> Prompt: Only the lines below from the one with "本报讯 8月11日,贵安新区" through the one with "Mochila Matein Feminina" are to be written out, exactly and without any images.

> Exercise data:
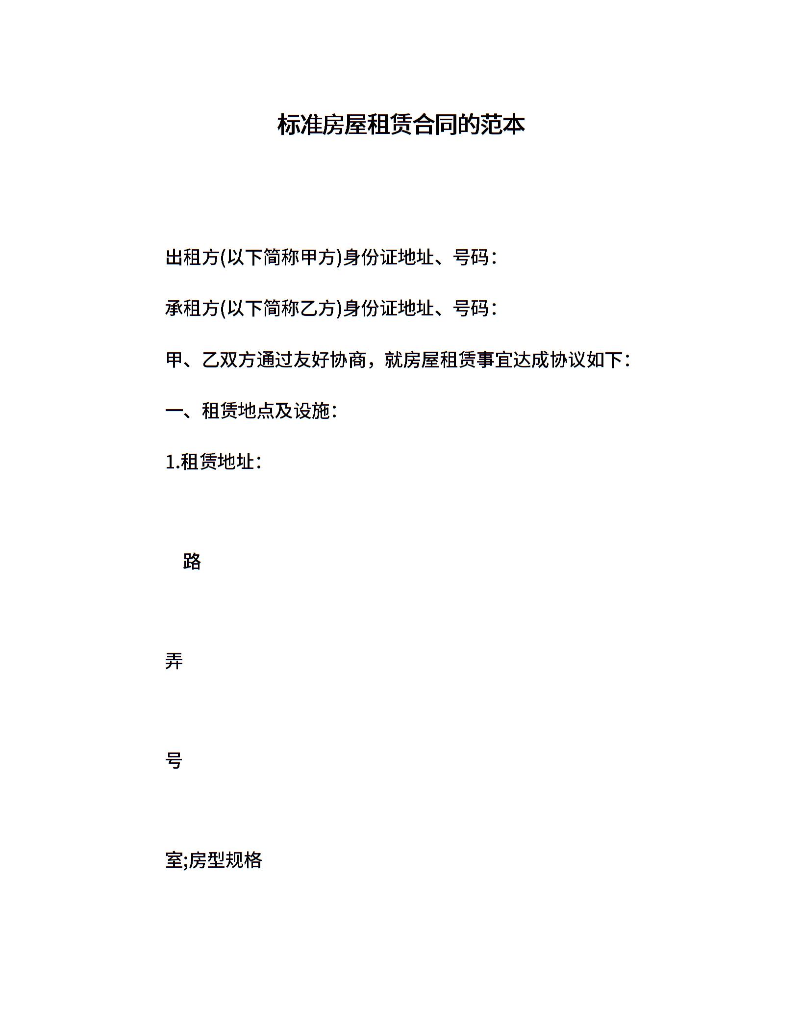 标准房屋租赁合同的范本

==

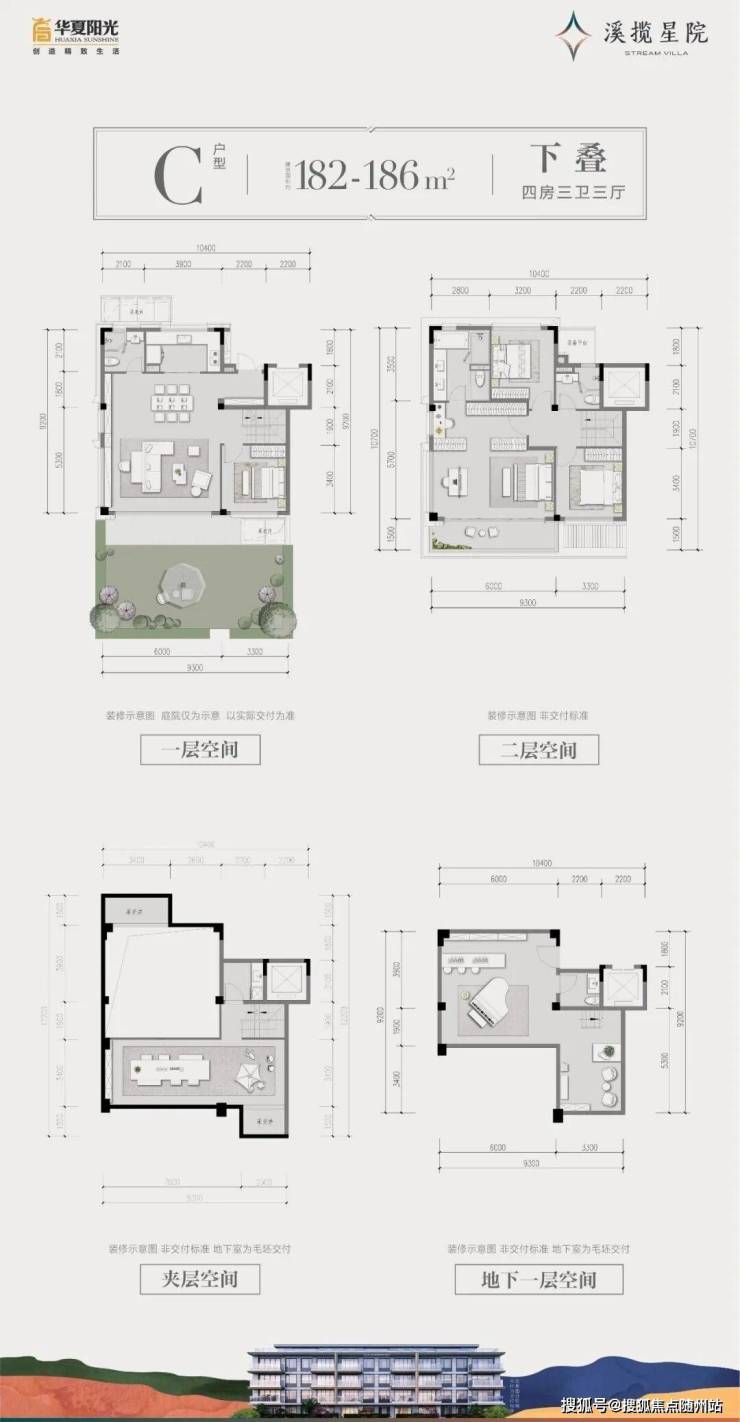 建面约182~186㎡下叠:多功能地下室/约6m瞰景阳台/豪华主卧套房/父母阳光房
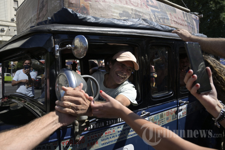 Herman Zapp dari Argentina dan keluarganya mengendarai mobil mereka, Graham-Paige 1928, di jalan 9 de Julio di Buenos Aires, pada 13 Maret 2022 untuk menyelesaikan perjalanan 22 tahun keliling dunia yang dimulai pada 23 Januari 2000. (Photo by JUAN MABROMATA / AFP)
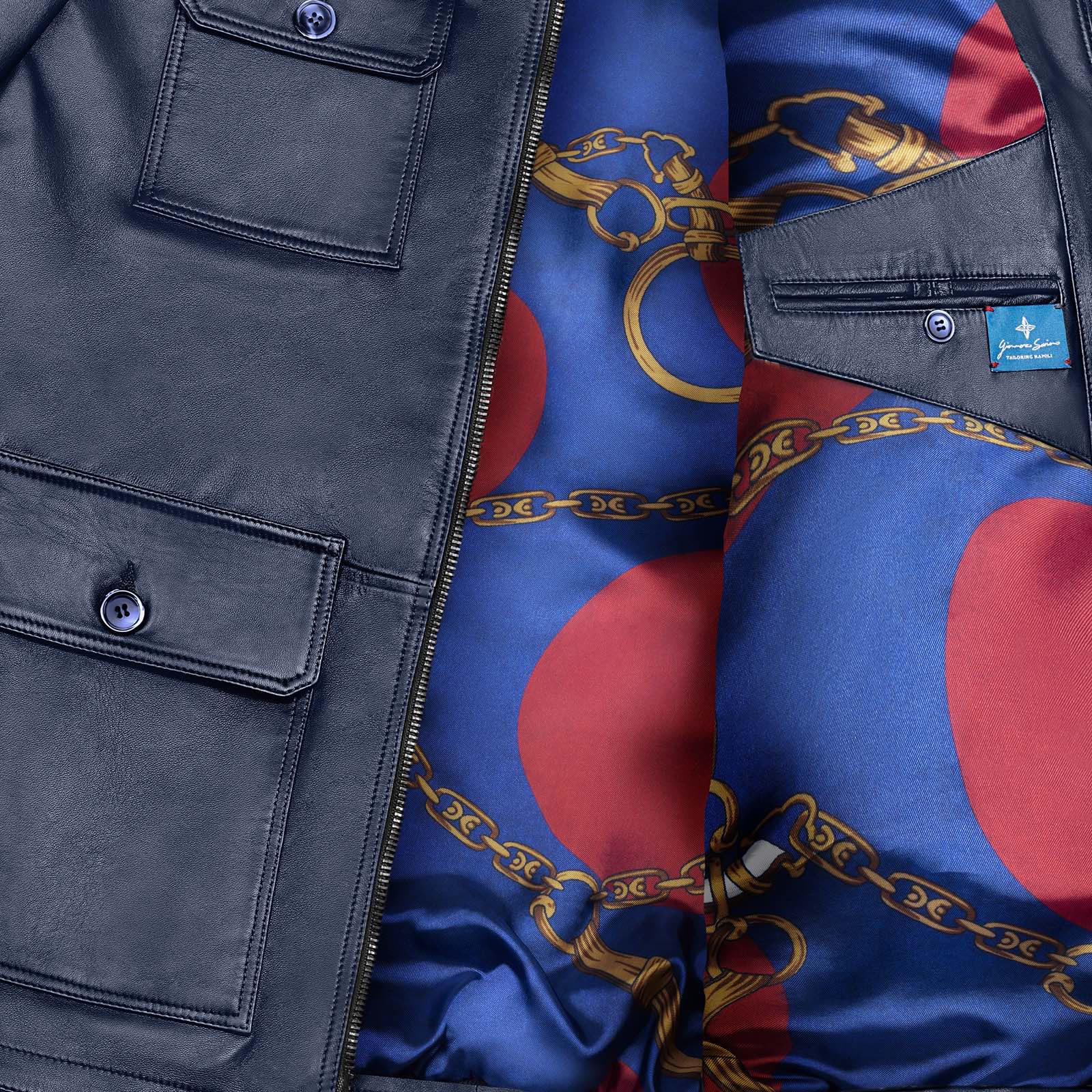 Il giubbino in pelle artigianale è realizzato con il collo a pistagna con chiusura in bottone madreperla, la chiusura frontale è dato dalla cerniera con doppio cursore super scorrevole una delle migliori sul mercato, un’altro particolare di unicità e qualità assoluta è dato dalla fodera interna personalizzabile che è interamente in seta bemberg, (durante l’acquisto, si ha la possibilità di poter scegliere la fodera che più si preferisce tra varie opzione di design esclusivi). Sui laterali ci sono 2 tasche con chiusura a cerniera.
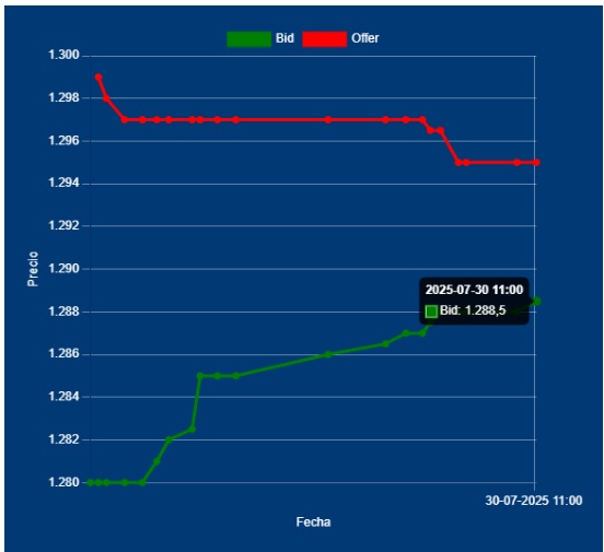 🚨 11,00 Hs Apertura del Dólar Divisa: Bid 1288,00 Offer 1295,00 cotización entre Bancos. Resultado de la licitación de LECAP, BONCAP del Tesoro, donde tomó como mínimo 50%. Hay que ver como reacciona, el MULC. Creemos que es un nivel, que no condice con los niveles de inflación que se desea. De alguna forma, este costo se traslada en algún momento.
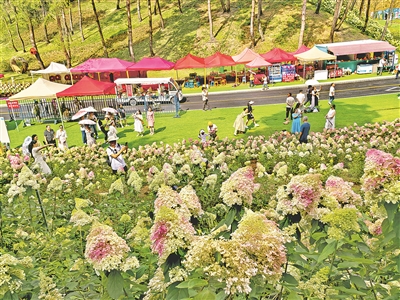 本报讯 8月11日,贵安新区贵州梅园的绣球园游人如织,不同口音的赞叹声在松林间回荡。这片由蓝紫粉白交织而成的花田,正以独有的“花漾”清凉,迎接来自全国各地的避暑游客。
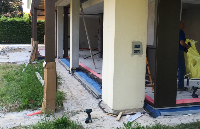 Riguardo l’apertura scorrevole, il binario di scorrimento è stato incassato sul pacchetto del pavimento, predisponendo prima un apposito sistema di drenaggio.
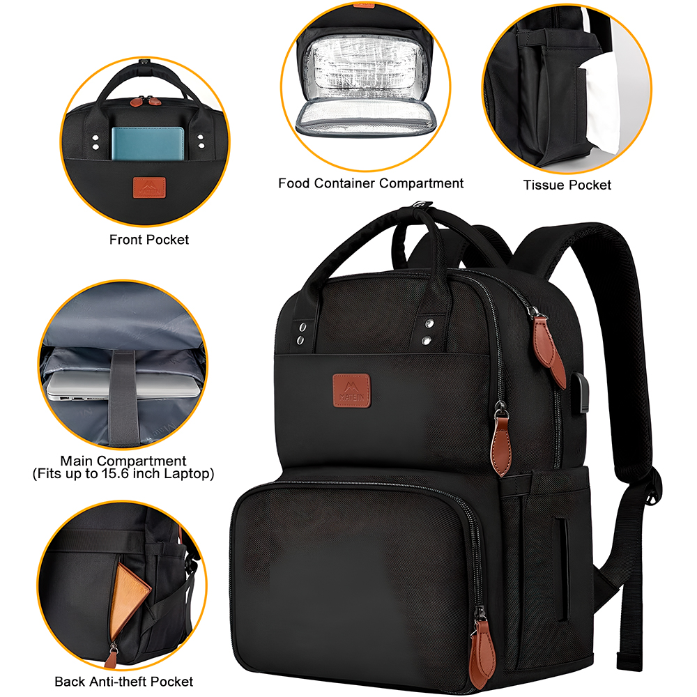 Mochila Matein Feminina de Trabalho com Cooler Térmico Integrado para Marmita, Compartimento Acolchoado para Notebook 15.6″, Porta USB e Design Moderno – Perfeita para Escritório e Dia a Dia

> Worked solution:
 本报讯 8月11日,贵安新区贵州梅园的绣球园游人如织,不同口音的赞叹声在松林间回荡。这片由蓝紫粉白交织而成的花田,正以独有的“花漾”清凉,迎接来自全国各地的避暑游客。
 Riguardo l’apertura scorrevole, il binario di scorrimento è stato incassato sul pacchetto del pavimento, predisponendo prima un apposito sistema di drenaggio.
 Mochila Matein Feminina de Trabalho com Cooler Térmico Integrado para Marmita, Compartimento Acolchoado para Notebook 15.6″, Porta USB e Design Moderno – Perfeita para Escritório e Dia a Dia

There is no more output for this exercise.